Theya is the world’s simplest Bitcoin self-custody app for whole-coiners (users with >1BTC) who find crypto exchanges risky and hardware wallets overwhelming. We simplify the self-custody UX through our multi-device, multi-sig wallet that users can set up using smartphones, giving you the functionality and convenience of centralized exchanges without sacrificing control and security of hardware wallets.
Vikas, Sriram and Smeet have extensive background in founding and scaling tech companies and crypto platforms over the past 10 years. Founders have been friends for over 15 years.
Vikas was previously the co-founder and CTO of Porter, India’s largest intra-city logistics marketplace that does over $220M in annual revenue. He raised over $150M from Sequoia Capital and Tiger Global during his 7 years at Porter. While studying at Stanford, Vikas founded an ML-driven real estate fund that has invested over $30M.
Sriram has led crypto engineering teams at Robinhood, FalconX and GameStop Blockchain. He built crypto custody infra and led the development of self-custody wallets for Robinhood and GameStop. He started his career at Google and has over 10 years of experience building consumer apps. Sriram graduated with Bachelors in Computer Science from IIT Bombay.
Smeet has led marketing and go-to-market teams at multiple early-stage startups. Prior to Theya, he was the first business hire at Prodigal (YC S18). He started his career at Deutsche Bank and has 8+ years of experience trading macro assets like FX, Bonds, Equities and believes that long Bitcoin is the most important trade of the 2020s.

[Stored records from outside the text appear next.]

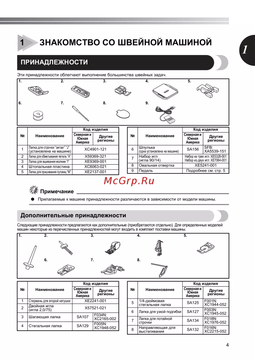 машин некоторые из перечисленных принадлежностей могут входить в комплект поставки машины.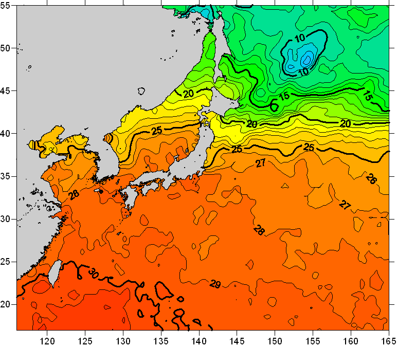 o 2010년 08월 05일 북서태평양 광역해양 수온분포 입니다. o 아래 위성 수온분포도는 국립수산과학원(NFRDI, Korea)과 일본동북대학교 (Tohoku University, Japan)가 공동연구개발 진행중, 1차 연구결과인 것으로 구름의 영향을 배제한 신기술의 수온정보입니다.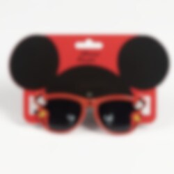 Premium-aurinkolasit lapsille hienoilla yksityiskohdilla ja Mikki Hiiri -kuviolla. Aurinkolasien sangoissa on Mikki Hiiri molemmilla puolilla.

The protection of your wealth and trust is paramount, which is why we exist. The reality is that centralized crypto platforms like FTX, Celsius, and Voyager have failed to ensure the safety of their users' Bitcoin. More recently, there are renewed concerns about Binance.
As the saying goes, "not your keys, not your Bitcoin" and this is more true now than ever before. Every user who stores Bitcoin on popular crypto exchanges faces severe counterparty risks, including:
Credit Risk: If your crypto exchange was to go bankrupt (like FTX) or suffer a catastrophic event, your Bitcoin stored there is certainly at risk.
Regulatory Risk: Any change in laws or regulations, crypto exchanges may be forced to freeze or confiscate your Bitcoin.
Cybersecurity Risk: While centralized exchanges invest in security measures, they are prime targets for cyber attacks. Successful hackers can steal users’ Bitcoin from hot wallets.
Self-custody hardware wallets are a solution, but they come with their own set of challenges. They have a messy user experience, and users are responsible for managing their own setup, security, and backup keys. Furthermore, they represent a single point of failure. These risks make it crucial to prioritize the protection of your Bitcoin, and we are here to help you do just that.
Our multisig wallet is like a digital safe where you need multiple keys to unlock it. For example, our 2-of-3 multi-sig wallet requires two out of three keys to approve a transaction before the Bitcoin can be spent.
Customers will always hold the two keys necessary to approve transactions. Theya holds the third key that can only be used for recovery if you misplace one of your keys, but it can never be used to transfer funds on its own.
Theya is simplifying the self-custody experience through a mobile-first multisig wallet that families can set up using iPhones and Apple Watches. We also support other devices such as NFC cards, hardware wallets, and more that can be used as your additional keys if desired. We make your Bitcoin resilient to phishing and hacking and you retain control of your Bitcoin wealth even if we fail without notice.